(Items listed in a dataset)
Segment Open
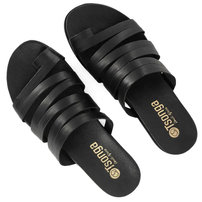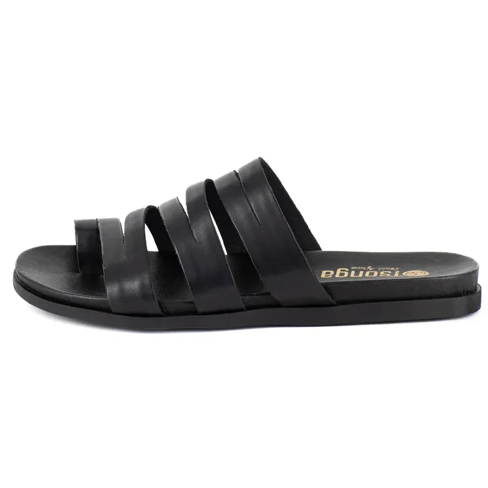 Abuye : Ladies Leather Sandal in Black Relaxa
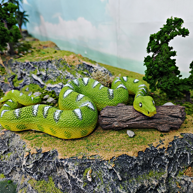 The dollhouse green tree boa is a snake model designed in miniature scale, meticulously replicating the appearance and ecological characteristics of a real green tree boa.
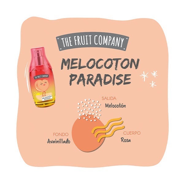 Disfruta de un verano lleno de encanto y deja que tu estilo brille con la nueva Eau de Toilette Melocotón Paradise The Fruit Company. Una esencia que te transportará directamente a un auténtico paraíso.
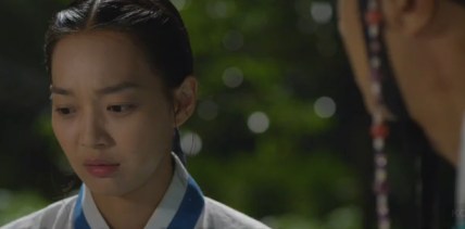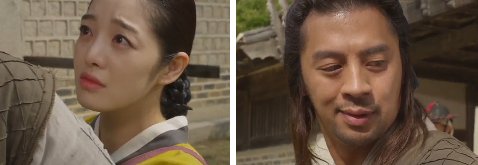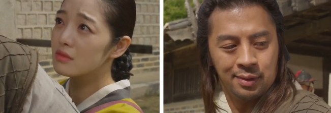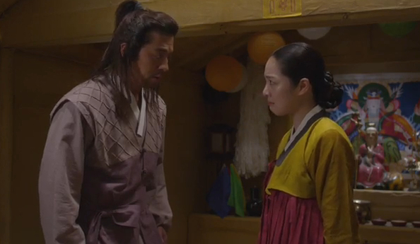 He hands her a package of meat and shyly says that’s all he could do. The shaman looks touched, but then angry, (probably thinking he’s 2-timing her with Arang). She asks him why he’s doing this to her and he looks confused.
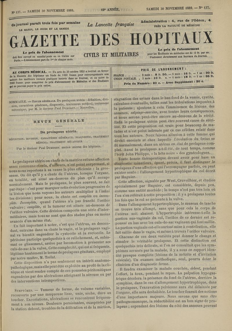 1889, tome 62e année. -
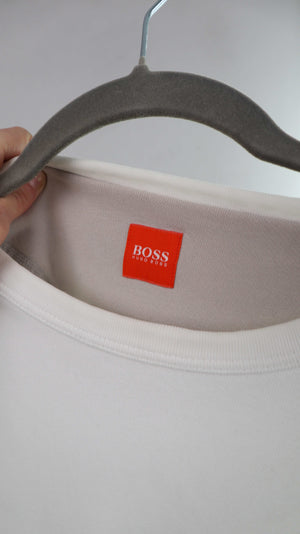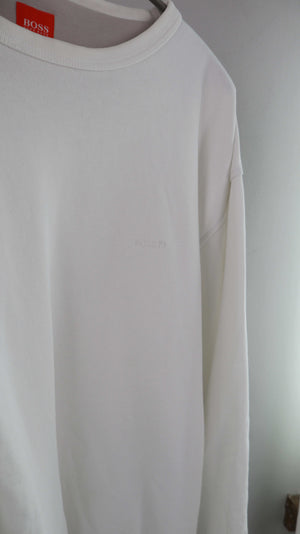 Hugo Boss Pullover Sweater Weiß Hoodie 40 L basic einfarbig
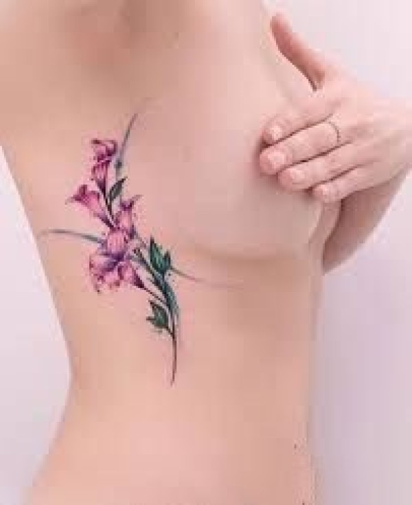 胸侧之花:纹在女性侧胸处性感的花卉小纹身图案
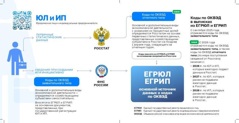 В реестрах ЕГРЮЛ и ЕГРИП теперь содержатся два типа кодов по ОКВЭД: заявительные и отчетные. Первые определяются хозяйствующим субъектом самостоятельно и вносятся в ЕГРЮЛ и ЕГРИП в соответствии с документами, представленными при государственной регистрации. Они отражаются в выписках из ЕГРЮЛ и ЕГРИП с сентября 2025 года.
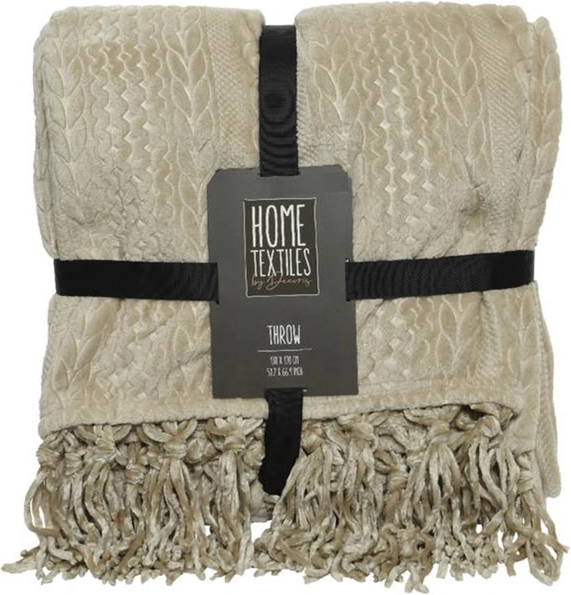 Decoris woondeken polyester taupe met franje 130x170cm
Segment Closed
▶ Description of the task:
Copy exactly the lines of the entries above from the one containing "Disfruta de un" through the one containing "胸侧之花:纹在女性侧胸处性感的花卉小纹身图案". Both end lines count; pictures do not.

▶ Response to this task:
 Disfruta de un verano lleno de encanto y deja que tu estilo brille con la nueva Eau de Toilette Melocotón Paradise The Fruit Company. Una esencia que te transportará directamente a un auténtico paraíso.
 He hands her a package of meat and shyly says that’s all he could do. The shaman looks touched, but then angry, (probably thinking he’s 2-timing her with Arang). She asks him why he’s doing this to her and he looks confused.
 1889, tome 62e année. -
 Hugo Boss Pullover Sweater Weiß Hoodie 40 L basic einfarbig
 胸侧之花:纹在女性侧胸处性感的花卉小纹身图案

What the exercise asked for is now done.